> [Task statement] Retype exactly the lines below, starting with the line that contains "社会福祉法人豊中市社会福祉協議会" and ending with the last line; leave out any pictures.

> [Raw data]
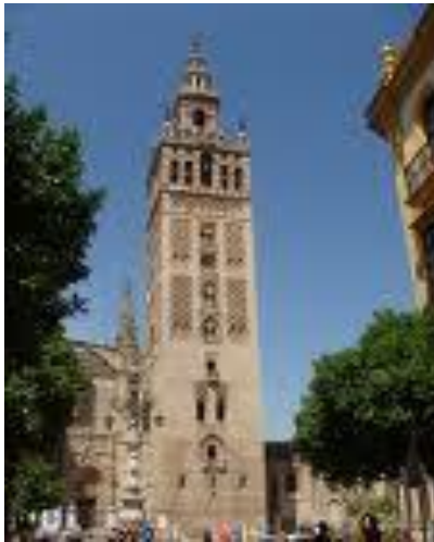
Giralda de Sevilla
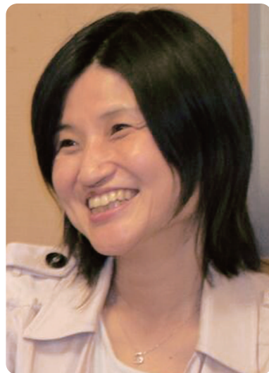
社会福祉法人豊中市社会福祉協議会
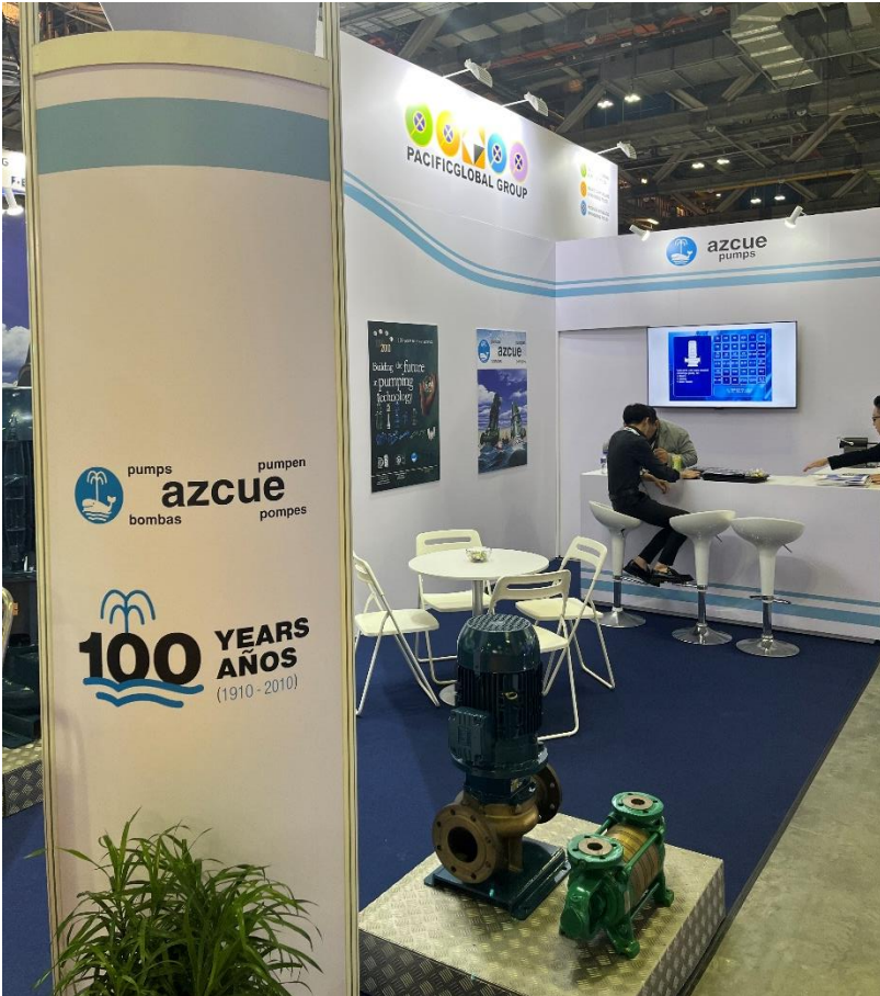
Estand de AZCUE PUMPS en espacio de PACIFIC GLOBAL GROUP.

> [Answer below]
社会福祉法人豊中市社会福祉協議会
Estand de AZCUE PUMPS en espacio de PACIFIC GLOBAL GROUP.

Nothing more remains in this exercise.